Invasive Exegesis is an in-progress multi-sensory art installation to illuminate the socioecological impacts of invasive plant species in Appalachia, exploring both the connection between people and invasive plants and the consequences of the unchecked spread of these species. As part of the first phase of the project, an implementation of the Cellular Automata model was projected onto three invasive species in-situ: Tree of Heaven, Ailanthus altissima; Japanese Barberry, Berberis thunbergii; and the Callery (Bradford) pear, Pyrus calleryana. The second phase will use the documentation of the projections (seen here) as part of a mobile art installation to help educate the public about invasive plants in our region. This project was funded in part by the Center for Communicating Science.

 Two people wear white body suits and homemade opossum masks. One pushes a wheelbarrow, while the other sits in it, reading a book. They are in a wooded, leaf-strewn area. Overlaid on the image is blue mathematical-looking symbols.

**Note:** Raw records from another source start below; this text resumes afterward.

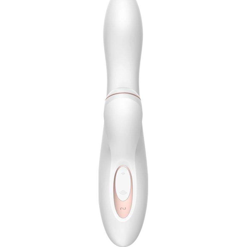 Meanwhile, the clitoral stimulator caresses your love bead with sensual pressure wave stimulation. The round silicone attachment encircles your clitoris as you are brought to a touch-free climax. This gives you a sensation similar to that of oral stimulation: rapid change between suction and pressure is available in 11 intensities - simply use the intuitive controls to switch up and down between settings. A third button controls the vibration setting, enabling countless seductive combinations of settings. The Satisfyer Pro G-Spot is also extremely quiet, although it may well coax a few noises out of you! The waterproof finish means that it is also the ideal bathing companion, inviting you to enjoy sensual pleasures in the shower or bath.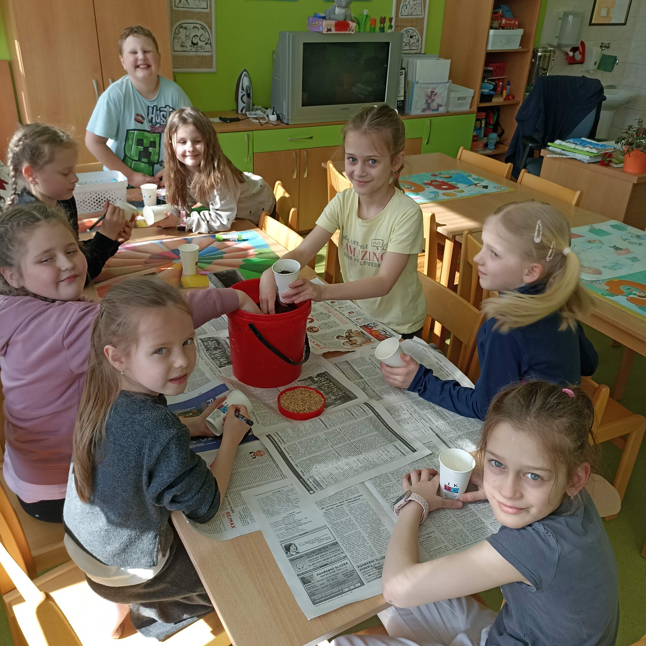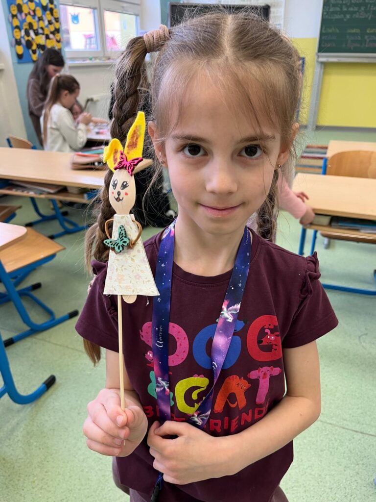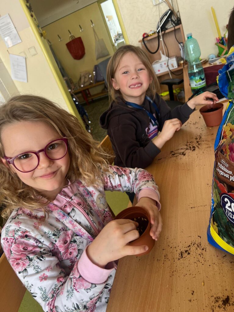 Březen jsme věnovali také přípravám na Velikonoce. Děti si s nadšením zasely osení a řeřichu a pozorovaly, jak jim každý den krásně roste. Při tvořivých činnostech si malovaly vajíčka – skutečná i papírová – a vyráběly další veselé velikonoční dekorace, kterými jsme si vyzdobili družinu.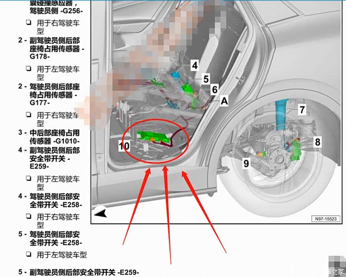 模块的实际安装位置。根据elsa手册可以查询到原装位在主驾驶后排座椅下方。幸运的是我们ID3照样有原装位!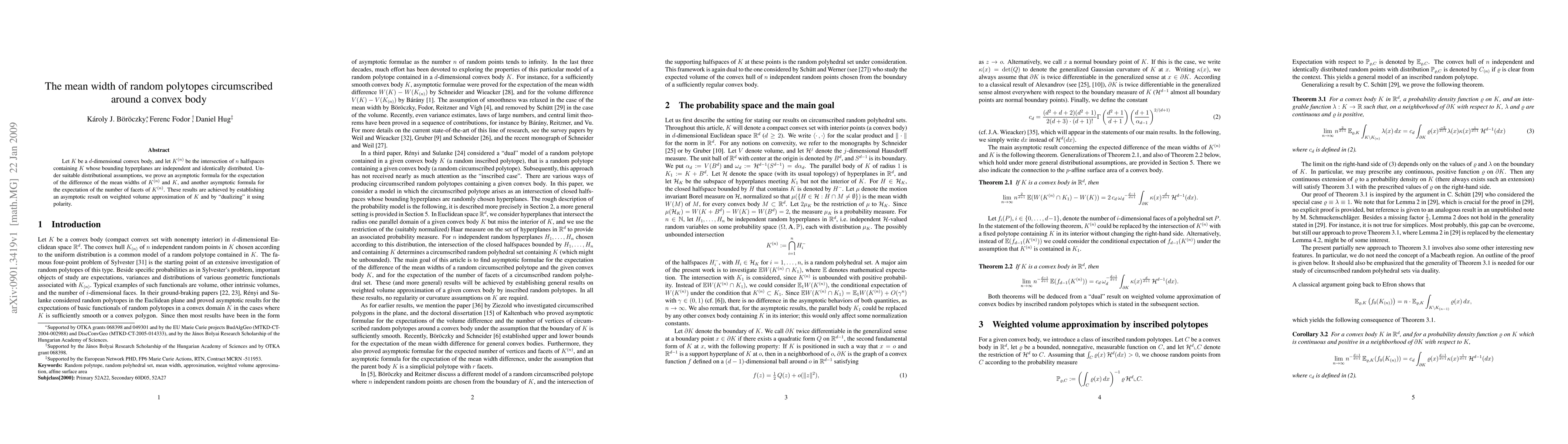 Let K be a d-dimensional convex body, and let $K^{(n)}$ be the intersection of n halfspaces containing $K$ whose bounding hyperplanes are independent and identically distributed. Under suitable distributional assumptions, we prove an asymptotic formula for the expectation of the difference of the mean widths of $K^{(n)}$ and K, and another asymptotic formula for the expectation of the number of facets of $K^{(n)}$. These results are achieved by establishing an asymptotic result on weighted volume approximation of $K$ and by "dualizing" it using polarity.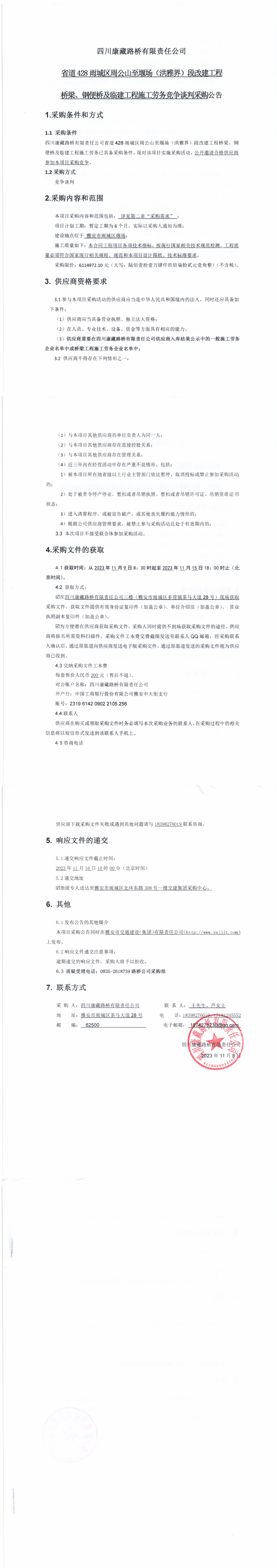 四川康藏路桥有限责任公司省道428雨城区周公山至堰场(洪雅界)段改建工程桥梁、钢便桥及临建工程施工劳务采购公告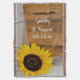 Anpassa den charmerande solrossen och Möhippa Veil-Landsbyggsbröllopet Throw med namn från briden- och brudgummen och giftermål-ceremonin för att skapa en keepsaksgåva till en förlovningsfest, möhippa eller bröllop. Den här avslappnaden, som ändå har en anpassningsbar, är ett färgfoto av en gult solrosliknande blommar och en vit möhippa med en vävsbrunlingad bakgrund, med en blommigt av bröllop.
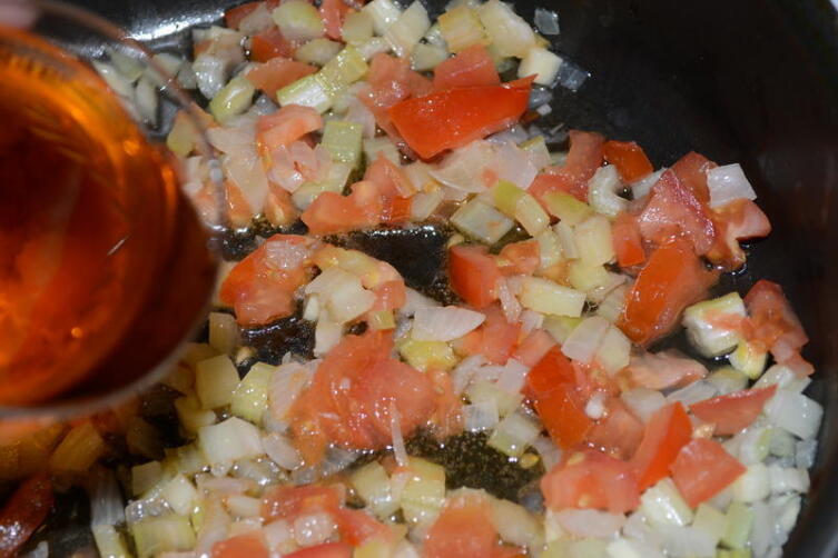 Перед варкой в буйабесе овощи обязательно предварительно обжариваются. Затем добавляем стакан белого вина и помидор.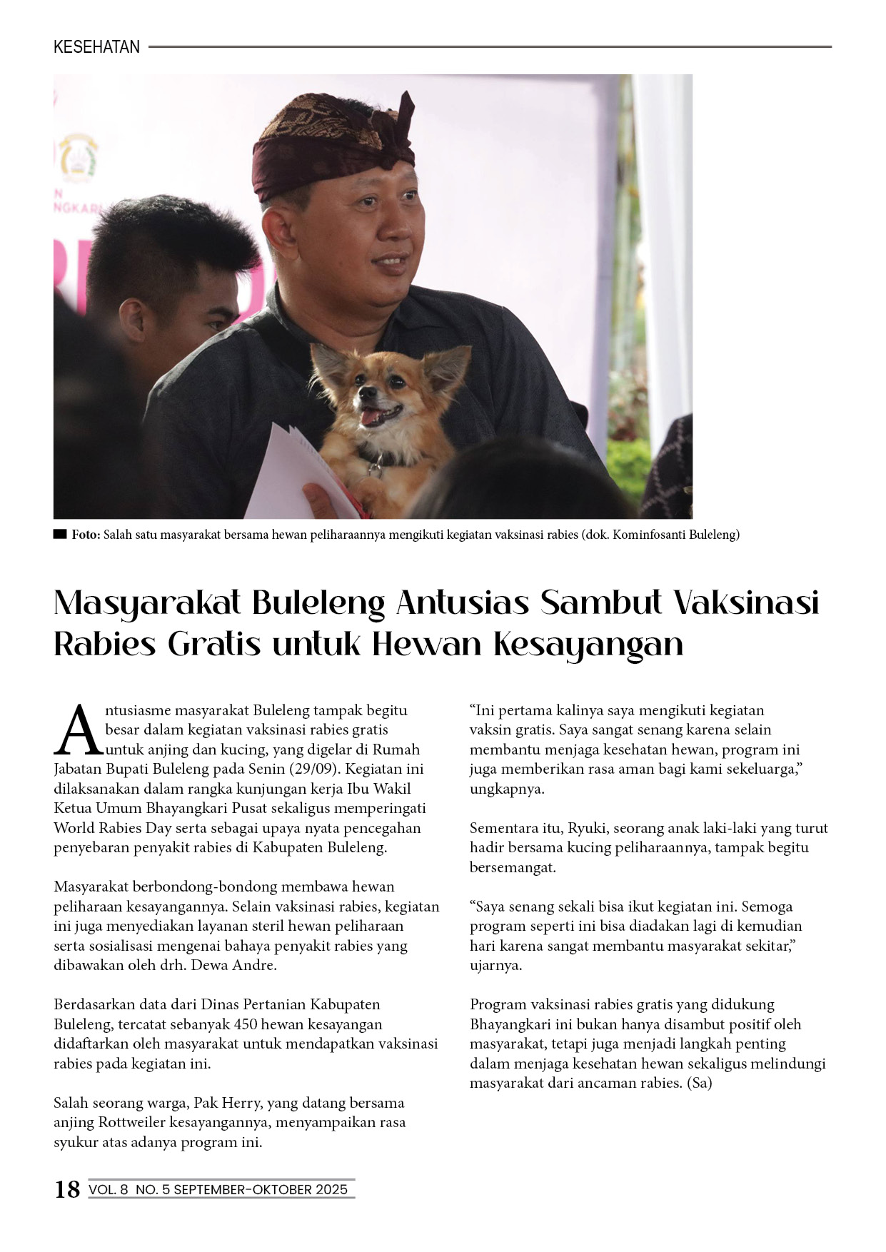 Masyarakat Buleleng Antusias Sambut Vaksinasi Rabies Gratis untuk Hewan Kesayangan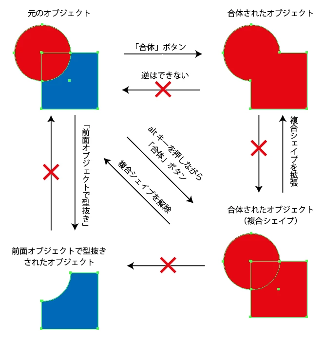 また、キーの併用なしで「合体」ボタンを押すと複合シェイプになるバージョンも存在しました。

The Story of Dirk and Chip: Sir Teddy Ruxpin's Revenge

Francis T. Eck Exhibition Corridor

Eric Shoenborn and Caleb Flood

The Story of Dirk and Chip is an award-winning film series about two young innovative opossums from the holler of Brush Mountain in Blacksburg. In this collage of footage from the second installment of the project, we see two animatronic opossums from the future who travel back in time to ask the original innovators some questions about their origins. They discover that their creator, Teddy Ruxpin, was ritually invented by the original Dirk and Chip and deemed an abomination after several talks that he gave, which radicalized the forest inhabitants. Made possible with funding from the Institute for Creativity and Technology (ICAT).

Header Image:
David Franusich and Jacob Barney
Invasive Exegesis, 2014-2024
Video and audio
Courtesy of the artists

This year, Virginia Tech marks its 150th year with an ongoing celebration of its impact and engagement. The arts are woven throughout the university's history and are a critically important part of its future. This event is part of a range of special performances, exhibitions, and experiences happening throughout the month of April that demonstrate the incredible value the arts and creative experiences have at Virginia Tech.

 Virginia Tech's sesquicentennial logo, a maroom 150 in a serif font with an orange ribbon coming out of the zero, that reads 1872-2022 in white text.